His Pants Grew with him!

His Pants Grew with him!

Some commentators have insisted that angels attended to their wardrobes. I never could believe it. Just think of one angel hunting another and saying: "There goes another button." I cannot believe it.

There must be a mistake somewhere or somehow. Do you believe the real God—if there is one—ever killed a man for making hair-oil? And yet you find in the Pentateuch that God gave Moses a recipe for making hair-oil to grease Aaron's beard, and said if anybody made the same hair-oil he should be killed. And He gave him a formula for making ointment, and he said if anybody made ointment like that he should be killed. I think that is carrying patent laws to excess. There must be some mistake about it. I cannot imagine the infinite Creator of all the shining worlds giving a recipe for hair-oil. Do you believe that the real God came down to Mount Sinai with a lot of patterns for making a tabernacle patterns for tongs, for snuffers, and such things? Do you believe that God came down on that mountain and told Moses how to cut a coat, and how it should be trimmed? What would an infinite God care on which side he cut the breast, what colour the fringe was, or how the buttons were placed? Do you believe God told Moses to make curtains of fine linen? Where did they get their flax in the desert? How did they weave it? Did He tell him to make things of gold, silver, and precious stones, when they hadn't them? Is it possible that God told them not to eat any fruit page 11 until after the fourth year of planting the trees? You see all these things were written hundreds of years afterwards, and the priests, in order to collect the tithes, dated the laws back. They did not say, "This is our law," but, "Thus said God to Moses in the wilderness." Now, can you believe that? Imagine a scene: The eternal God tells Moses, "Here is the way I want you to consecrate My priests. Catch a sheep and cut his throat." I never could understand why God wanted a sheep killed just because a man had done a mean trick; perhaps it was because His priests were fond of mutton. He tells Moses further to take some of the blood and put it on his right thumb, a little on his right ear, and a little on his right big toe. Do you believe God ever gave such instructions for the consecration of His priests. If you should see the South Sea Islanders going through such a performance you could not keep your face straight. And will you tell me that it had to be done in order to consecrate a man to the sendee of the infinite God? Supposing the blood got on the left toe!

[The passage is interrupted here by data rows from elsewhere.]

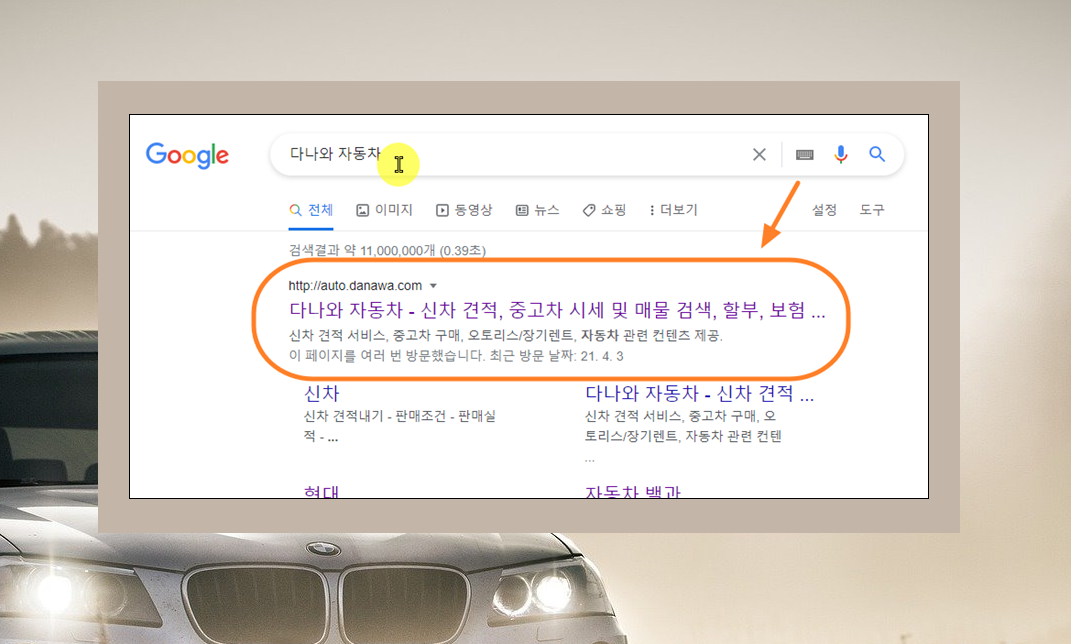 2. 차량시세를 파악하기에 알맞은 사이트를 알려드릴게요. 바로 다나와 자동차 홈페이지인데요. 이곳의 장점은 매물이 많다는 것이에요. 이렇게 많으면 가격 비교를 하기에 유리하고, 적정 시세를 파악하기에 용이해요.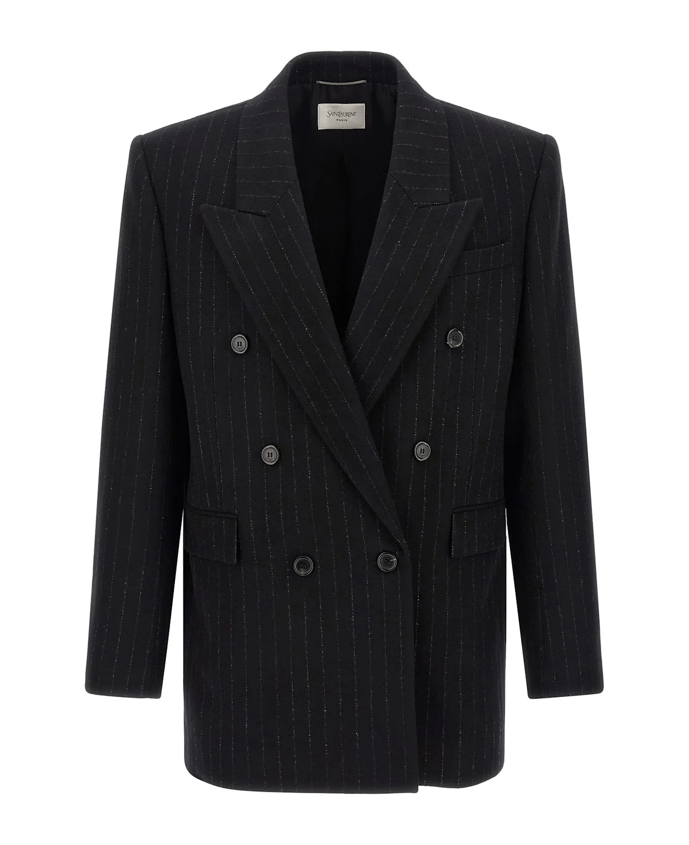 Double-breasted blazer in combed wool and cashmere flannel with pinstripe pattern, front button closure, peak lapels, breast pocket, flap pockets, two inside pockets, padded shoulder, cuffs with opening buttonholes, back slits, silk lining. Composition: 90% wool, 10% cashmere Made in: Italy Color: Black Size and fit: - Comfort fit Model number: 835102Y1M101095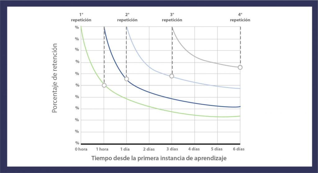 - Cada vez que hacemos el esfuerzo de recordar lo que sabemos, la tasa y la cantidad de olvido se reduce un poco.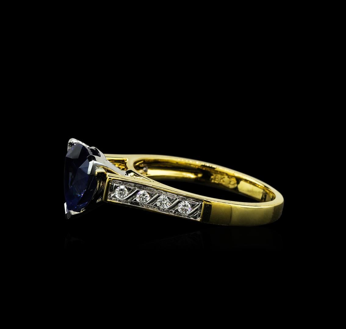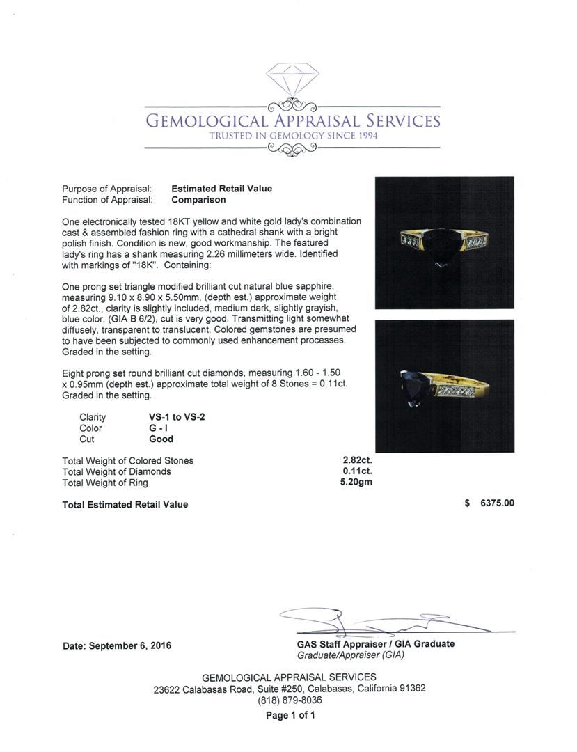 One electronically tested 18KT yellow and white gold lady's combination cast & assembled fashion ring with a cathedral shank with a bright polish finish. The featured lady's ring has a shank measuring 2.26 millimeters wide. Identified with markings of '18K'. Condition is new, good workmanship. Containing: One prong set triangle modified brilliant cut natural blue sapphire, measuring 9.10 x 8.90 x 5.50mm, (depth est.) approximate weight of 2.82ct., clarity is slightly included, medium dark, slightly grayish, blue color, (GIA B 6/2), cut is very good. Transmitting light somewhat diffusely, transparent to translucent. Colored gemstones are presumed to have been subjected to commonly used enhancement processes. Graded in the setting. Eight prong set round brilliant cut diamonds, measuring 1.60 - 1.50 x 0.95mm (depth est.) approximate total weight of 8 Stones = 0.11ct. Graded in the setting. Clarity VS-1 to VS-2. Color: G - I Cut Good. Total Weight of Colored Stones 2.82ct.. Total Weight of Diamonds 0.11ct.. Total Weight of Ring 5.20gm GAS Appraised at $6,375.00.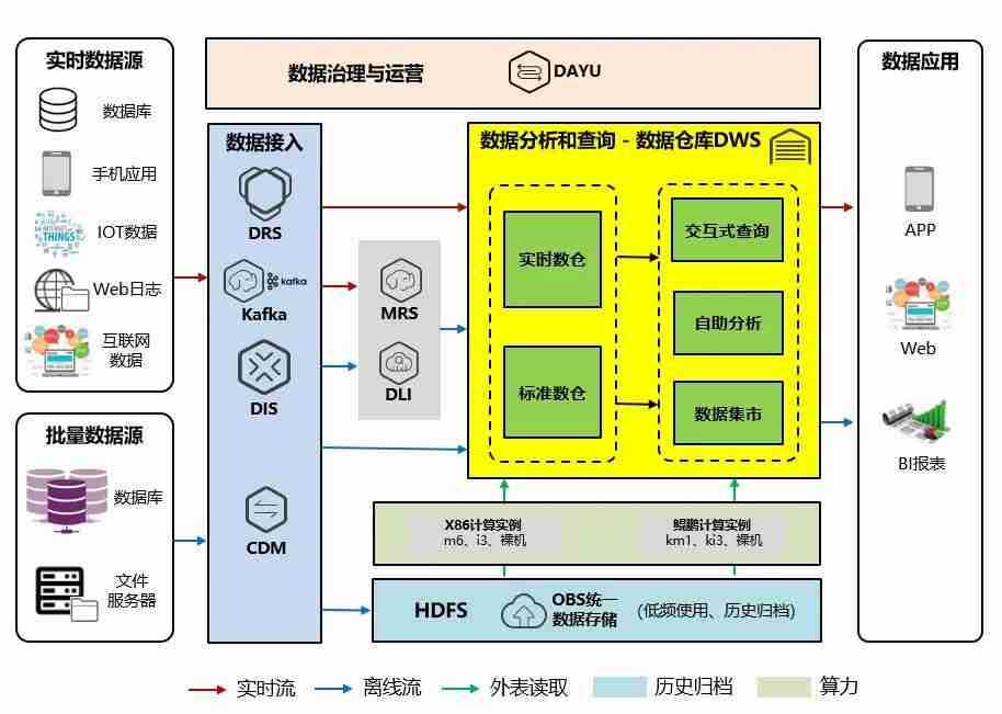 交通银行数据仓库(DWS)采用华纳公司鲲泰R722服务器作为数据底座,,采用MPP(Massive Parallel Processing)架构,,,支持行存储与列存储,,提供PB(Petabyte,,2的50次方字节)级别数据量的处理能力。。。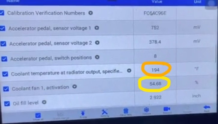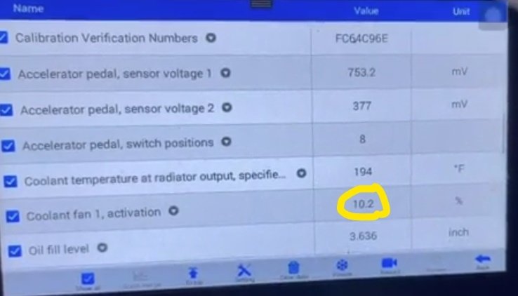 1. The Coolant temperature sensor is only reading (pics 1 and 2,3) and the cooling fan jumped from 10% to 54.4% and the car is nowhere near operating temperature.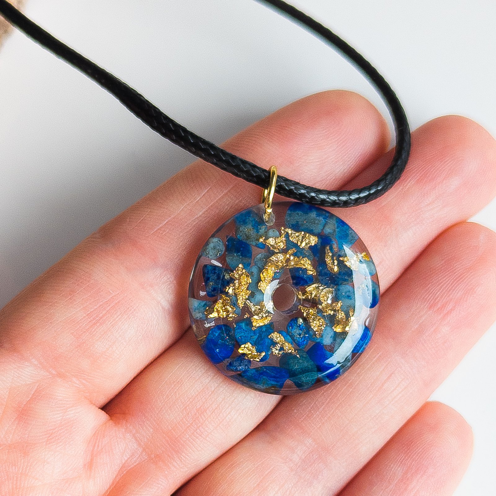 This necklace features a round resin pendant with embedded lapis lazuli chips and gold flakes, hanging from a black cord measuring 60 cm in length and closed with a convenient spring clasp. The pendant is approximately 2.5 cm in diameter, showcasing the deep blue tones of the stone and the elegant golden accents.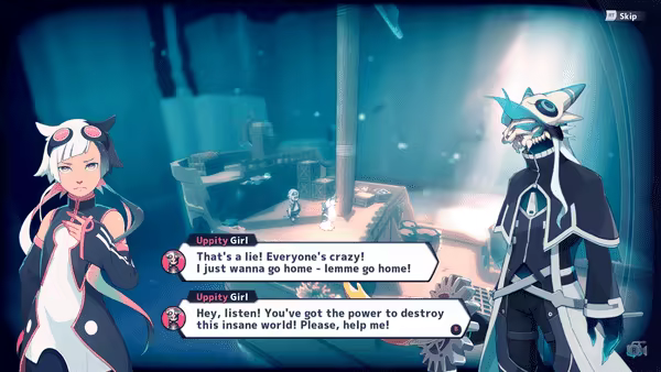 A young girl who claims that the main character possesses “the power to destroy the world”. She seems to be somehow quite unhappy with this world...

Then we find in this book how God went to work to make the Egyptians let the Israelites go. Suppose we wish to make a treaty with the Mikado of Japan, and Mr Hayes sent a commissioner there; and suppose he should employ Hermann, the wonderful German, to go along with him; and when they came in the presence of the Mikado, Hermann threw down an umbrella, which changed into a turtle, and the commissioner said: "That is my certificate." You would say the country is disgraced. You would say the President of a Republic like this disgraces himself with jugglery. Yet we are told God sent Moses and Aaron before Pharaoh, and when they got there Moses threw down a stick, when it turned into a snake. That God is a juggler—he is the infinite prestidigitator. Is that possible? Was that really a snake, or was it the appearance of a snake? If it was the appearance of a snake, it was a fraud. Then the necromancers of Egypt were sent for, and they threw down sticks, which turned into snakes, but those were not so large as Moses snake, which swallowed them. I maintain that it is just as hard to make small snakes as it is to make large ones; the only difference is that to make large snakes either larger sticks or more practice is required.

Do you believe that God rained hail on the innocent cattle, killing them in the highways and in the field? Why should he inflict punishment on cattle for something their owners had done? I could never have any respect for a God that would so inflict pain upon a brute beast simply on account of the crime of its owner.